- The CPC has ~100 members — the largest ideological caucus in House D; in any close D majority, it holds effective veto power over all major legislation
- CPC leverage was real in Biden years: members extracted spending, climate, and social program commitments from moderates as conditions for their votes on major bills
- AOC's fundraising empire (~$20M+ for other D candidates in 2024) makes her a national kingmaker even from the back-bench — she shapes the ideological terrain regardless of her formal role
- In a 2027 D majority, the CPC vs. New Democrat Coalition tension will define what actually passes — the real governing challenge is intra-D, not R opposition
The Caucus: Scale, Composition, and Power
The Congressional Progressive Caucus, co-founded in 1991 by Bernie Sanders, has grown from a small group of left-wing House members into the largest ideological caucus in the House Democrats. Its approximately 100 members span a range from democratic socialists like Sanders's ideological allies (AOC, Rashida Tlaib) to mainstream progressive Democrats who identify with the caucus's agenda but occupy more moderate ground on specific issues. The caucus's size means that in a close Democratic majority, it effectively holds veto power — no major Democratic legislation can pass without the CPC's support.

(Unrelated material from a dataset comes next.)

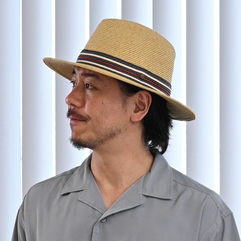 ソフトな仕立てでフィット感も悪くない、フラットなロングブリムのブレードハット。リボン部分は、別色に染めた同素材のブレードを組み合わせた、立体的なストライプ。

This leverage was demonstrated during the Biden years, when CPC members repeatedly used their size to extract commitments on spending levels, climate provisions, and social programs as conditions for their votes. The tension between the CPC and moderate Democrats (organized in the Problem Solvers Caucus and the New Democrat Coalition) defined much of the Biden legislative era. Going into 2026, both groups are positioning for influence in a potential new Democratic majority.

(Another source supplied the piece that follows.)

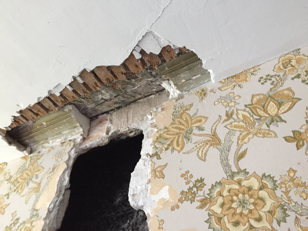 Så här såg det ut uppe vid taket i matrummet. Träbjälken närmast väggen måste urholkas för den får inte ligga mot rökkanalen. Notera den fina grönaktiga listen som finns under gipstaket.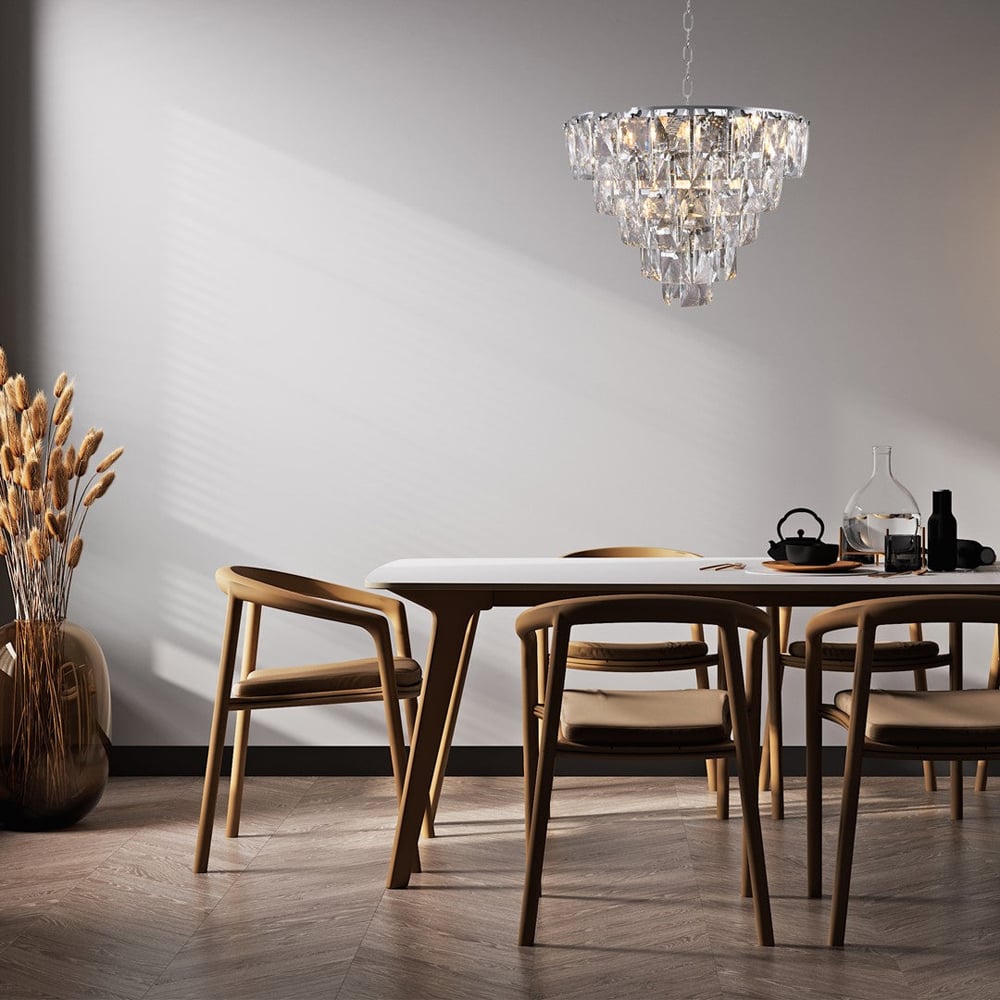 The Milagro Chelsea Chandelier is a stunning modern take on the most classic and striking of all light fittings. The magnificent, majestic chandelier is an eye-catcher in any ambience, thanks to its design and polished prisms. The Chrome and Crystal Chandelier has a diameter of 50cm and can be height adjusted from 50-100cm. Please click here to find our range of lightbulbs.

AOC’s Fundraising Empire and The Squad’s Influence
Alexandria Ocasio-Cortez's $22 million fundraising cycle was not primarily about her own re-election — NY-14 (the Bronx and Queens) is a D+35 district where she faces no serious opposition. The money is a political instrument: she uses it to fund progressive primary challengers, support Squad-aligned candidates, and make endorsements credible with financial backing. Her ability to raise small-dollar online donations is driven by a massive social media following (tens of millions across platforms) and a donor base that is among the most energized in Democratic politics.

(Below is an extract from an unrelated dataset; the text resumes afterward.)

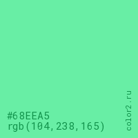 Цвет #68EEA5 в цветовой модели RGB обозначается тремя октетами (104, 238, 165) в десятичном формате и #68EEA5 в шестнадцатиричном (hex) формате, которые являются интенсивностью красного 104 (hex 68), интенсивность зелёного 238 (hex EE) и интенсивность синего 165 (hex A5).

The Squad — AOC, Ilhan Omar (MN-5), Rashida Tlaib (MI-12), and Ayanna Pressley (MA-7), joined by Cori Bush (MO-1), Jamaal Bowman, and others — operates as a loose political entity whose members share progressive positions and occasional coordinated strategy, but who also represent distinct constituencies with sometimes different priorities. The Squad has expanded each cycle through endorsements and allied candidacies. Their influence is greatest in Democratic primaries, where their backing can move challenger candidates to upset incumbents.
The DCCC Strategy Tension
| Dimension | DCCC Approach | CPC Approach |
|---|---|---|
| Swing district candidates | Recruit proven moderates, veterans, former officials | Progressive candidates with enthusiasm and small-dollar $ |
| Messaging | Focus on pocketbook economics, healthcare costs | Bold structural change, democracy, climate |
| Crime/Public safety | Avoid "defund police" framing at all costs | Criminal justice reform is core, but "defund" mostly dropped |
| Gaza/Foreign policy | Avoid for swing-district candidates | Ceasefire advocacy, limits on Israel aid |
| Primary involvement | Stay neutral or back incumbents | Fund progressive challengers to moderate incumbents |
Analysis: CPC in a Potential 2027 Majority
Veto Leverage
With 100 members in a 218-seat majority, the CPC controls the margin. Any legislation requiring all or most Democrats needs CPC support. This gives progressive leadership effective veto power over a Democratic Speaker's agenda — a dynamic that will immediately resurface if Democrats win.
Gaza Complication
The Israel-Gaza conflict has created a genuine fracture in Democratic politics. Several CPC members have called for arms embargoes and voted against Israel aid. This creates tension with Jewish Democratic donors and general election swing voters, and it complicates CPC-DCCC relations heading into 2026.
Anti-Trump Mobilization
The CPC's most valuable 2026 asset may be its mobilization capacity. Progressive grassroots organizations — the Sunrise Movement, Working Families Party, Justice Democrats — have significant ground game operations in key districts that can drive turnout in Democratic primaries and general elections.